Our bodies tick to two clocks. One clock is ruled by the Sun, and generally known as the Circadian Rhythm. The other clock, regulated by a gaggle of nerve cells in the brain called the suprachiasmatic nucleus (SCN), is called the Sleep/Wake Homeostat.
When we’ve been awake for a long period of time, Sleep/Wake Homeostasis tells us that a “need for sleep” is accumulating and we’d better get some shut-eye. This regulatory apparatus also helps us maintain enough sleep throughout the night to compensate for the number of hours we were awake.
If Sleep/Wake Homeostasis were our only clock, we would awake from a sound sleep fully rested, restored and alert, but as the day progressed, we would get more and more fatigued, like a battery steadily running out of power. However, as you know, that’s not what happens. Energy-wise, we experience ups-and-downs throughout the day, and this is due to the counter-acting force of our other clock, the one commonly referred to as the Circadian Rhythm.
The Circadian Rhythm is a 24-hour cycle that effects organisms as varied as humans, fruit flies and fungi. The Circadian Rhythm dips and rises at different times of the day. For adult humans, the strongest sleep drive generally occurs between 2-4AM, and in the afternoon between 1-3PM, although this varies depending on whether you’re an “early bird” or a “night owl.” The sleepiness we experience during these Circadian dips will be less intense if we’ve had sufficient sleep, and more intense if we’re sleep deprived. The Circadian Rhythm also causes us to feel more alert at certain points of the day, even if we have been awake for hours and our Sleep/Wake Homeostasis is signaling us to be sleepy.
These two systems usually counterbalance each other. However, because they operate independently, they can become misaligned. Circadian disruptionssuch as jet lag put us in conflict with our natural sleep patterns, since the shift in time and light cues on the brain forces the body to alter its normal pattern to adjust. But these symptoms can also occur in everyday life, when the Circadian Rhythm is disrupted by keeping long or irregular hours. That’s why it’s important to keep a regular sleep schedule — so our two clocks will beat as one.

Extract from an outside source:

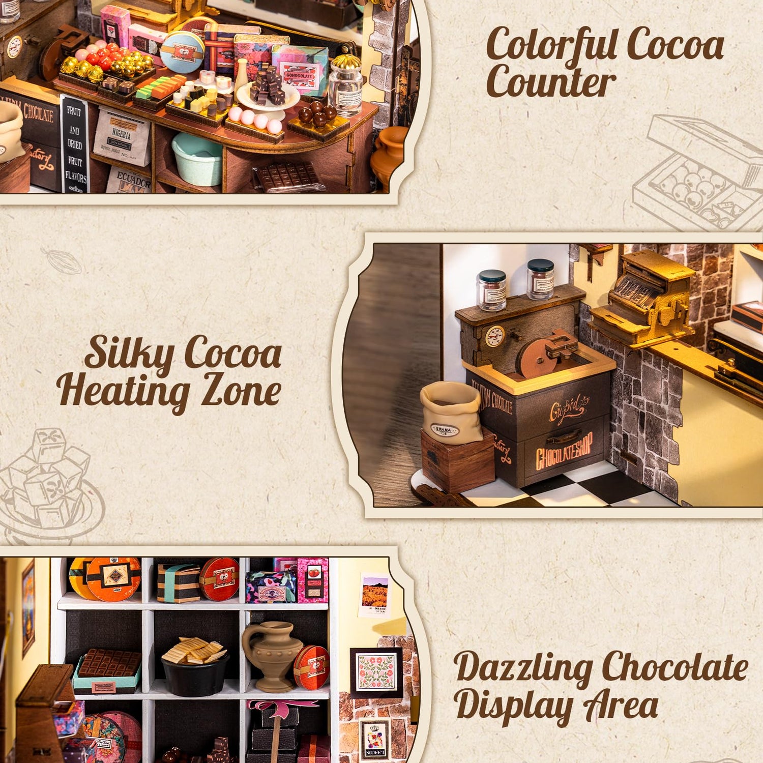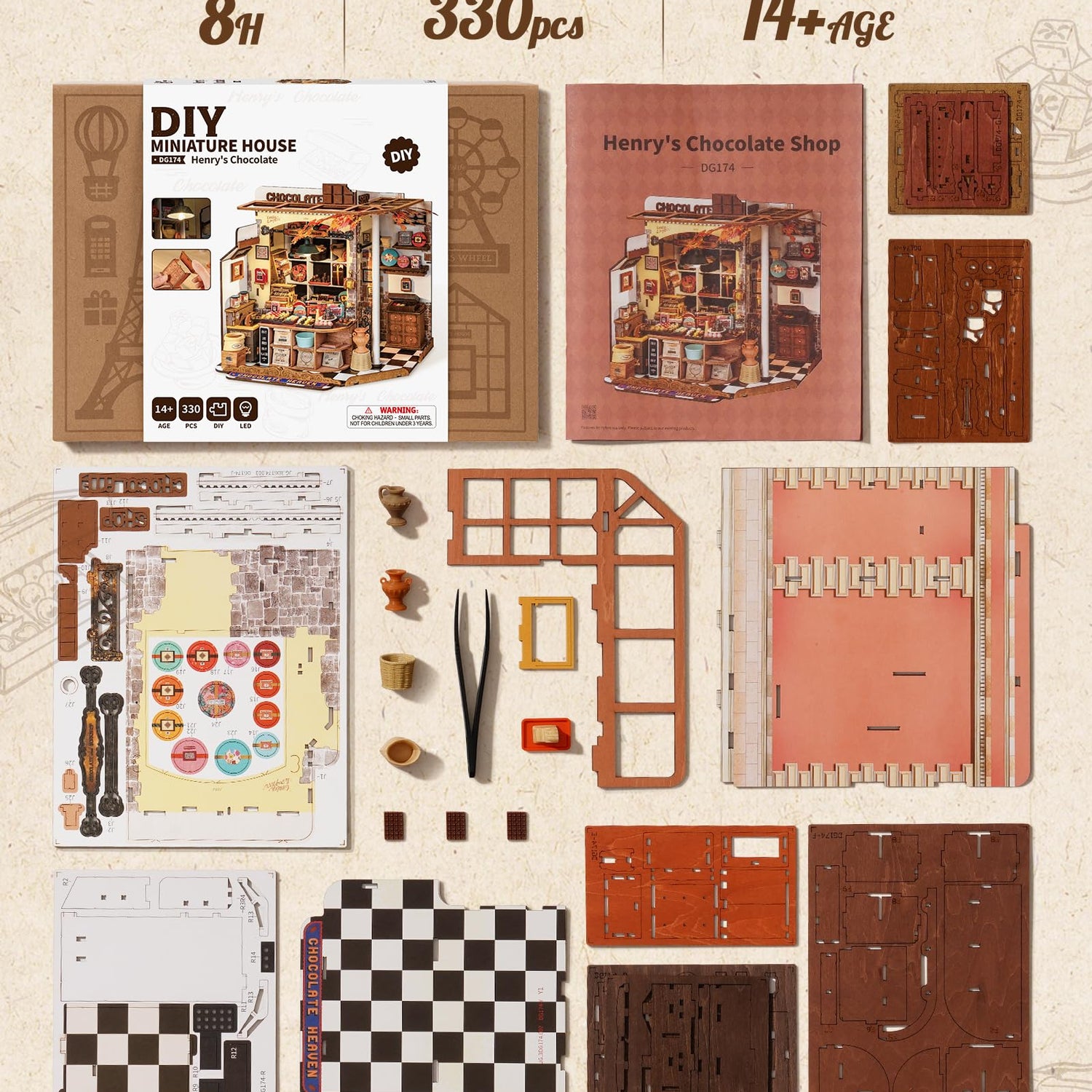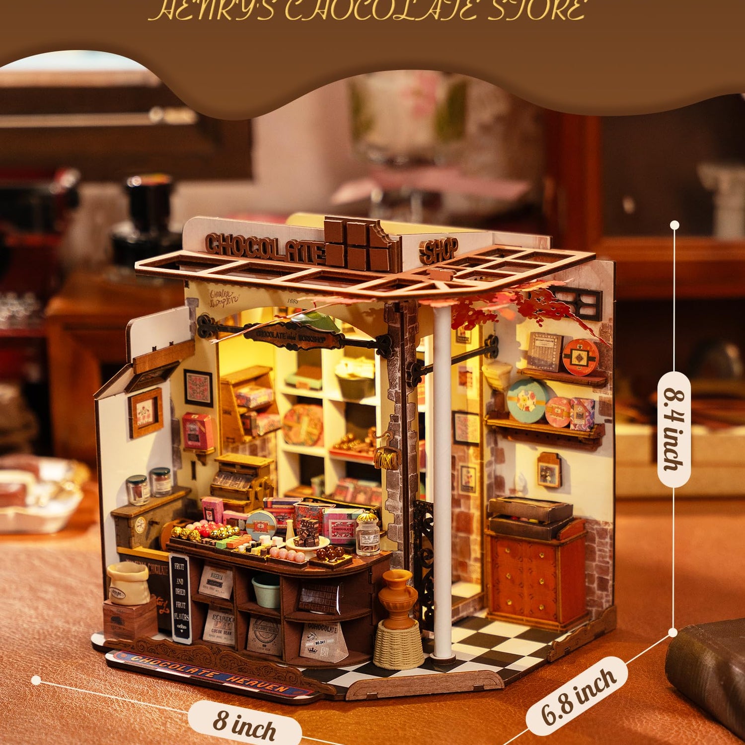 Rolife DIY Miniature House Kit Henry's Chocolate Shop, Tiny House Book Nook for Bookshelf Decor, 3D Puzzles Model Building Kits for Teens, Birthday Gifts/Craft Kits for Girls Boys (Henry's Chocolate)

The Sleep/Wake Homeostasis (SNC) is also influenced by light and darkness. The SCN is located just above the optic nerves. In the morning, light travels from the optic nerves to the SCN, signaling the internal clock that it is time to be awake. The SCN signals to other parts of the brain that control hormones, body temperature and other functions that play a role in making us feel sleepy or awake. When there is less light, like after sunset, the SCN directs the brain to produce more melatonin, a hormone that makes you sleepy. This why reading from a Kindle, iPad or tablet in bed at night can generate wakefulness, while reading a paper-based book generally allows fatigue to set in more quickly.